Figure 3. Effect of redox stress on eNOS S-glutathionylation and function in endothelial cells

a, Immunostaining of eNOS (left column, green fluorescence) and S-glutathionylation (second column, red fluorescence) in control BAECs and cells preincubated with BCNU. The third column shows the merged S-glutathionylation/eNOS image along with 4′,6-diamidino-2-phenylindole (DAPI) staining of the nucleus (blue). eNOS staining and S-glutathionylation seem to co-localize. The right-hand column shows O₂^•− detection with dihydroethidine (DHE), which is oxidized by O₂^•− to a product with red fluorescence, and the cell nuclei were counterstained with DAPI (blue). Increased O₂^•− generation was seen in the BCNU-treated cells. Bottom: immunoprecipitation of eNOS from the BCNU-treated cells shows that eNOS S-glutathionylation occurs but is reversed by 1 mM DTT. The upper row shows immunoblotting with anti-GSH antibody; the lower row shows immunoblotting with anti-eNOS antibody. b, Effects of eNOS silencing from BAECs on BCNU-induced O₂^•− generation. Top: immunoblotting against eNOS to determine the efficiency of eNOS silencing. Middle: confocal microscopy of eNOS (upper row) and O₂^•− measurements with DHE (lower row). NOS3 short interfering RNA (siRNA) greatly decreases eNOS expression in BAECs (middle column). Bottom: graph of the effect of eNOS silencing on BCNU-induced O₂^•− generation. Results are shown as means and s.e.m. (n =5). Asterisk, P < 0.001.

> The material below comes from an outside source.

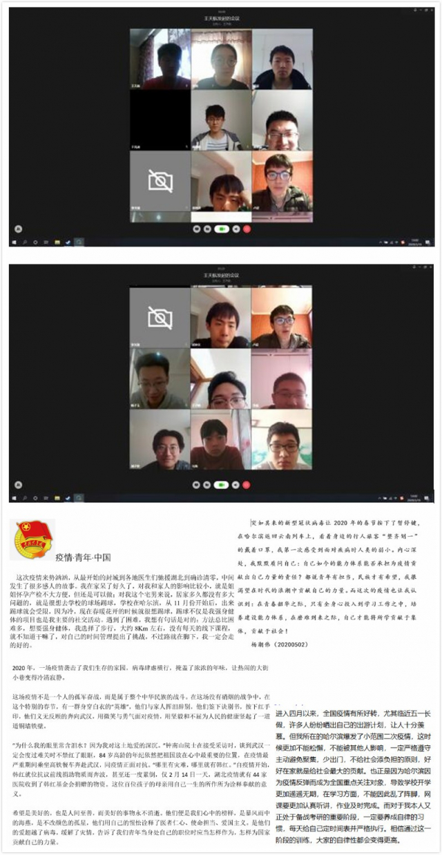 为在建校百年的重要阶段深入推进爱国主义教育,培养堪当大任的新时代青年,贯彻党中央关于新冠肺炎疫情防控各项决策部署,太阳城网络赌博平台 1702402团支部于5月2日下午在线上开展了“疫情·青年·中国——线上思考体悟交流会”团日活动。本次活动由团支书刘子仪主持,支部全体成员参加了本次活动。

Figure 4. Effect of redox stress on eNOS S-glutathionylation and function in vessels

a, Endothelium-dependent and endothelium-independent vasorelaxation in control and BCNU (80 μM)-treated rat aortic rings. BCNU markedly decreased endothelium-dependent relaxation to acetylcholine (left panel) but not endothelium-independent relaxation by the NO donor NONOate (right panel). DTT (1 mM for 20 min) reversed the BCNU-induced inhibition of relaxation (left panel). Aortic relaxation is plotted as the percentage decrease in phenylephrine (PHE)-induced contraction against agonist concentration on a logarithmic scale. Results are shown as means ± s.e.m.; P < 0.05, BCNU versus control or BCNU + DTT (n =4). b, Endothelium-dependent vasorelaxation in spontaneously hypertensive (SHR) and control (WKY) aortic rings. SHR rings showed a marked decrease in relaxation to acetylcholine; however, DTT (as above) re-established the acetylcholine response. Endothelium-independent relaxation (right) was similar for both SHR and WKY rings. Aortic relaxation is expressed as in a. P < 0.05, SHR versus WKY or SHR + DTT (n =4). See also Supplementary Fig. 10. c, eNOS S-glutathionylation of SHR and WKY aortae. Top: WKY and SHR aortae, either untreated or DTT-pretreated as in b, were homogenized. This was followed by immunoprecipitation with anti-eNOS antibody. The immunoprecipitation products were separated by SDS–PAGE followed by immunoblotting against anti-GSH and anti-eNOS antibodies. In SHR aortae, eNOS S-glutathionylation was markedly increased compared with WKY aortae and was abolished by pretreatment with DTT. Bottom: ratio of relative intensity of eNOS S-glutathionylation/eNOS, normalized to SHR aortae. There is only trace eNOS S-glutathionylation in WKY aortae, whereas high levels are seen in SHR aortae. There was no detectable (n.d.) NOS S-glutathionylation in DTT-pretreated WKY or SHR aortae. Asterisk, P < 0.001 versus SHR (n =5).